● **Problem details**:
An exact copy of every entry is the answer here, with no pictures.
[Task data Boundary: Start]
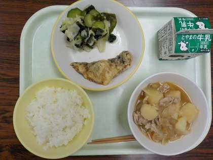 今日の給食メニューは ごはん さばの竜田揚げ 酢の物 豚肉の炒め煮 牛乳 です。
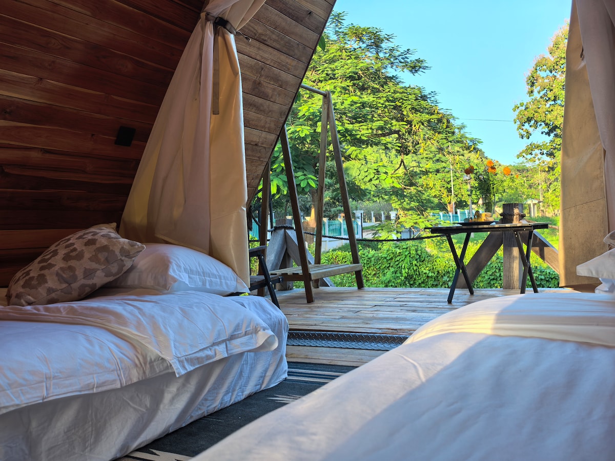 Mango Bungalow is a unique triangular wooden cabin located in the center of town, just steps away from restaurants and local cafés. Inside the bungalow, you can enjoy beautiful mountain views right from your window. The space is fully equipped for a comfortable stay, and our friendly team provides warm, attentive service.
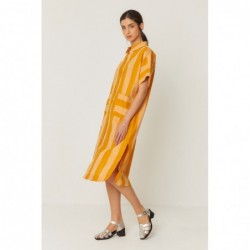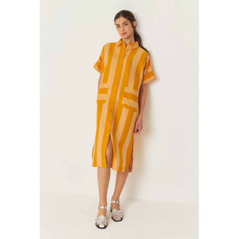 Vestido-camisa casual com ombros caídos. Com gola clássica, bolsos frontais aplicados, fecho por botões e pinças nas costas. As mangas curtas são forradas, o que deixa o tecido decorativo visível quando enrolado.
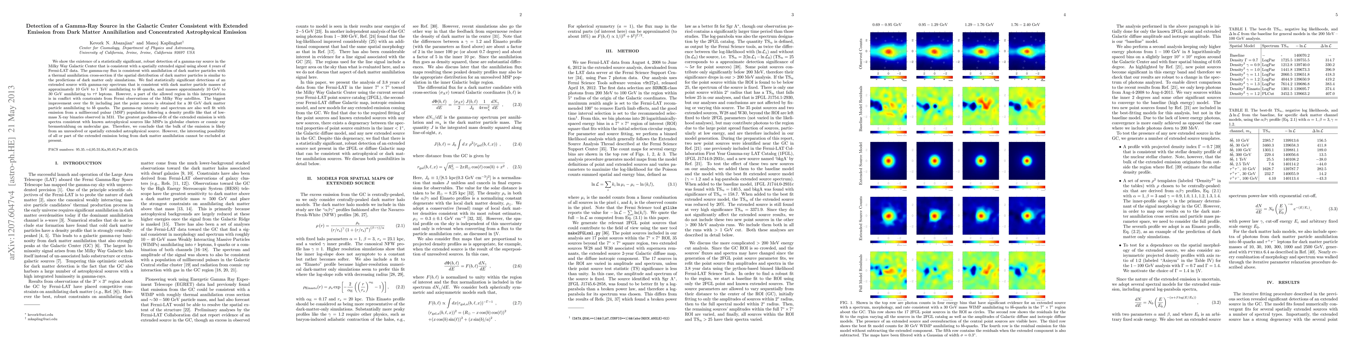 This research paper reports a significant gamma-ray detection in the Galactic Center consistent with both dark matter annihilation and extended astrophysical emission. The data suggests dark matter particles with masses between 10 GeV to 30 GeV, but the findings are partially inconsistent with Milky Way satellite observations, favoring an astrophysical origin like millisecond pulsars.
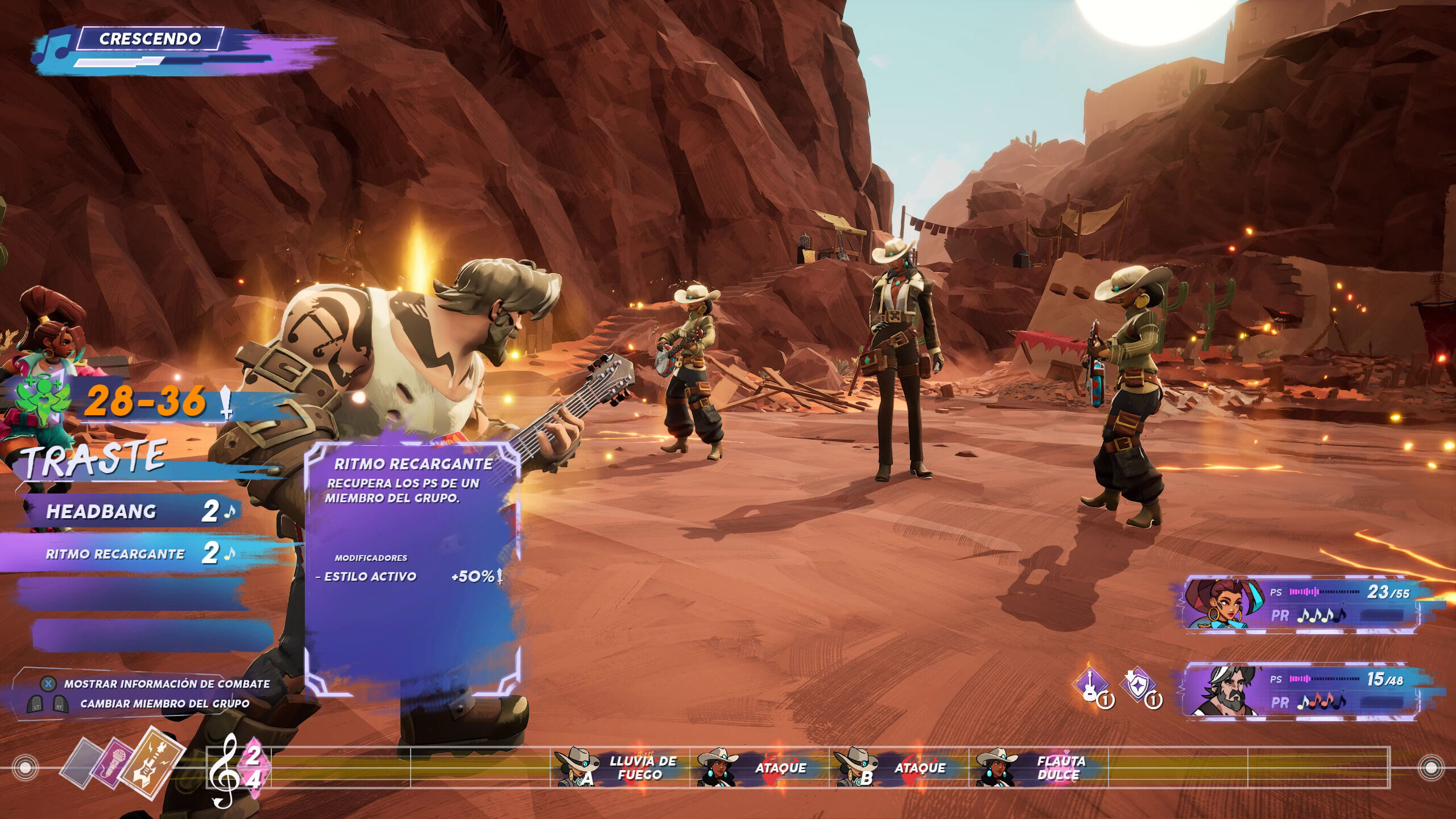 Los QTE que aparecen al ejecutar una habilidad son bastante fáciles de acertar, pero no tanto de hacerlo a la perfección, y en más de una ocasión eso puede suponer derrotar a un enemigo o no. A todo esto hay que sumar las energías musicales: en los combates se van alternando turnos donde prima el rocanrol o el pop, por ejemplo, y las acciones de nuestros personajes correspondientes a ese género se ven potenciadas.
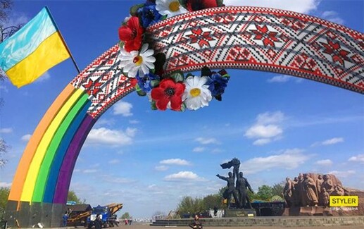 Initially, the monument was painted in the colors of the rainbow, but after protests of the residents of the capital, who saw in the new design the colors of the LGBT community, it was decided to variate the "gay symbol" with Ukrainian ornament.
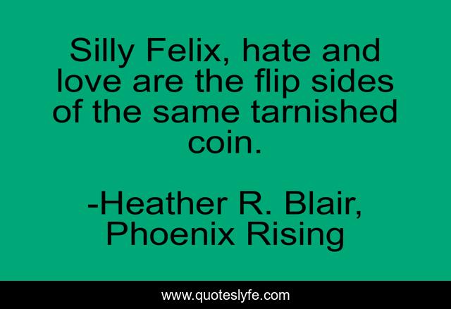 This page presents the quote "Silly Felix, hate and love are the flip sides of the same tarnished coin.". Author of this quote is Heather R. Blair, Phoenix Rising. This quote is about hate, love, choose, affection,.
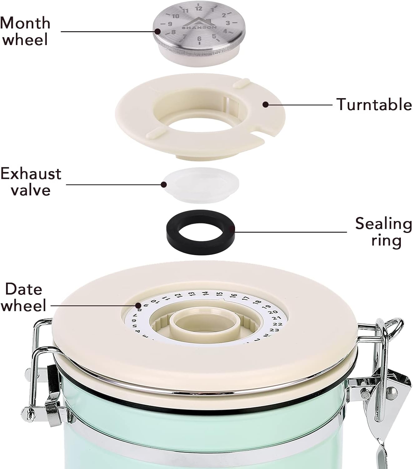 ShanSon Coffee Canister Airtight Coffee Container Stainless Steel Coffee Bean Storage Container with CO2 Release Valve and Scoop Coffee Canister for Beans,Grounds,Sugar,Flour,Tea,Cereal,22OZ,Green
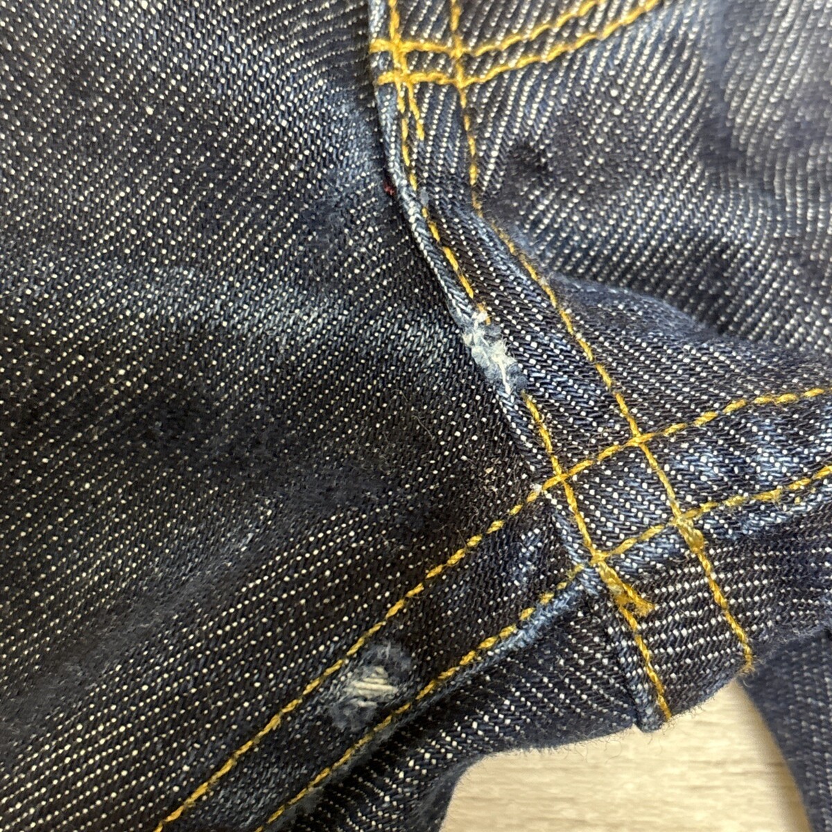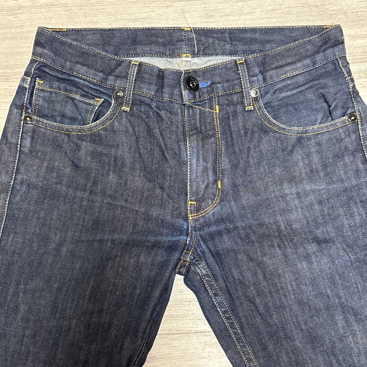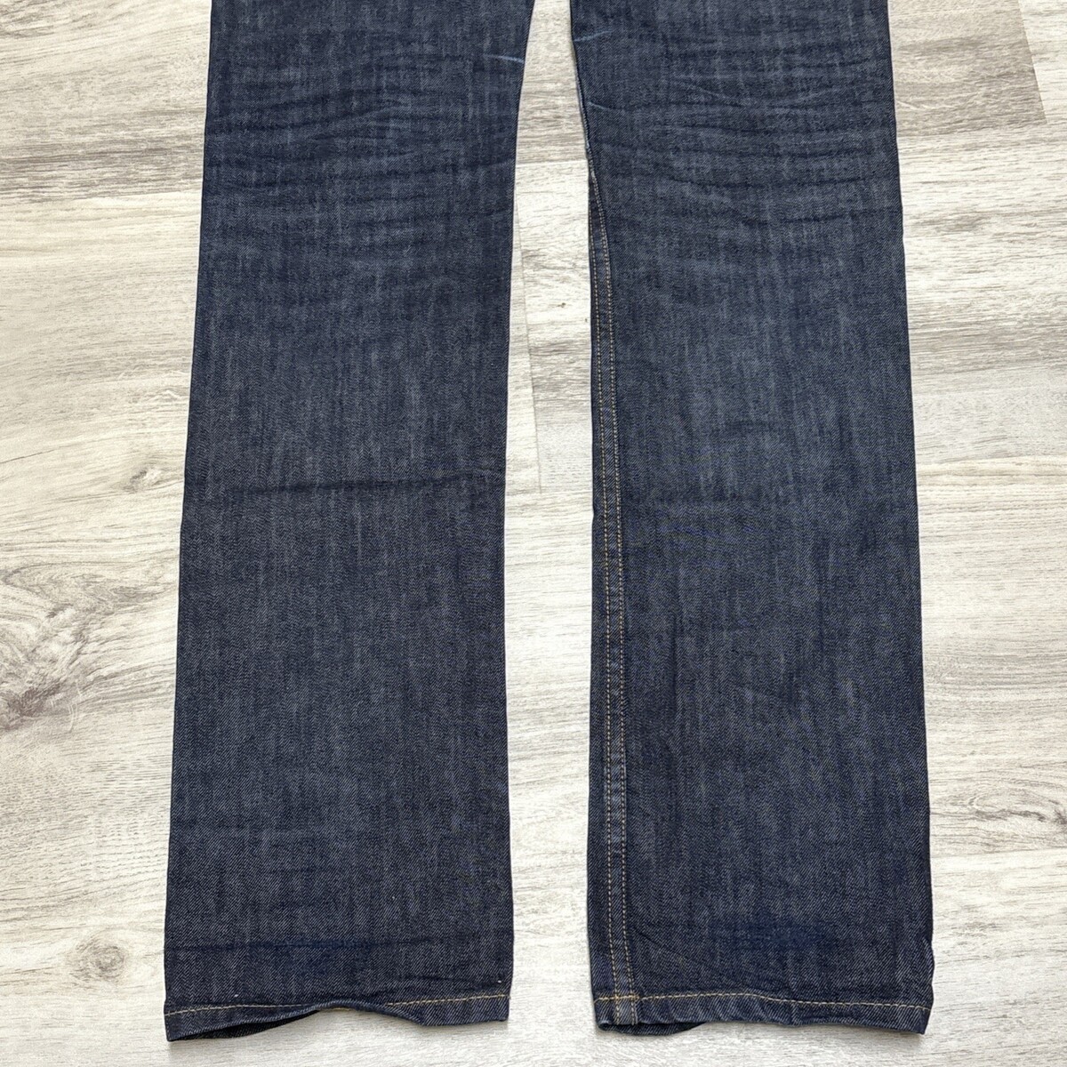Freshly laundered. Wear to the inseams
[Task data Boundary: End]
● **Task solution**:
 今日の給食メニューは ごはん さばの竜田揚げ 酢の物 豚肉の炒め煮 牛乳 です。
 Mango Bungalow is a unique triangular wooden cabin located in the center of town, just steps away from restaurants and local cafés. Inside the bungalow, you can enjoy beautiful mountain views right from your window. The space is fully equipped for a comfortable stay, and our friendly team provides warm, attentive service.
 Vestido-camisa casual com ombros caídos. Com gola clássica, bolsos frontais aplicados, fecho por botões e pinças nas costas. As mangas curtas são forradas, o que deixa o tecido decorativo visível quando enrolado.
 This research paper reports a significant gamma-ray detection in the Galactic Center consistent with both dark matter annihilation and extended astrophysical emission. The data suggests dark matter particles with masses between 10 GeV to 30 GeV, but the findings are partially inconsistent with Milky Way satellite observations, favoring an astrophysical origin like millisecond pulsars.
 Los QTE que aparecen al ejecutar una habilidad son bastante fáciles de acertar, pero no tanto de hacerlo a la perfección, y en más de una ocasión eso puede suponer derrotar a un enemigo o no. A todo esto hay que sumar las energías musicales: en los combates se van alternando turnos donde prima el rocanrol o el pop, por ejemplo, y las acciones de nuestros personajes correspondientes a ese género se ven potenciadas.
 Initially, the monument was painted in the colors of the rainbow, but after protests of the residents of the capital, who saw in the new design the colors of the LGBT community, it was decided to variate the "gay symbol" with Ukrainian ornament.
 This page presents the quote "Silly Felix, hate and love are the flip sides of the same tarnished coin.". Author of this quote is Heather R. Blair, Phoenix Rising. This quote is about hate, love, choose, affection,.
 ShanSon Coffee Canister Airtight Coffee Container Stainless Steel Coffee Bean Storage Container with CO2 Release Valve and Scoop Coffee Canister for Beans,Grounds,Sugar,Flour,Tea,Cereal,22OZ,Green
Freshly laundered. Wear to the inseams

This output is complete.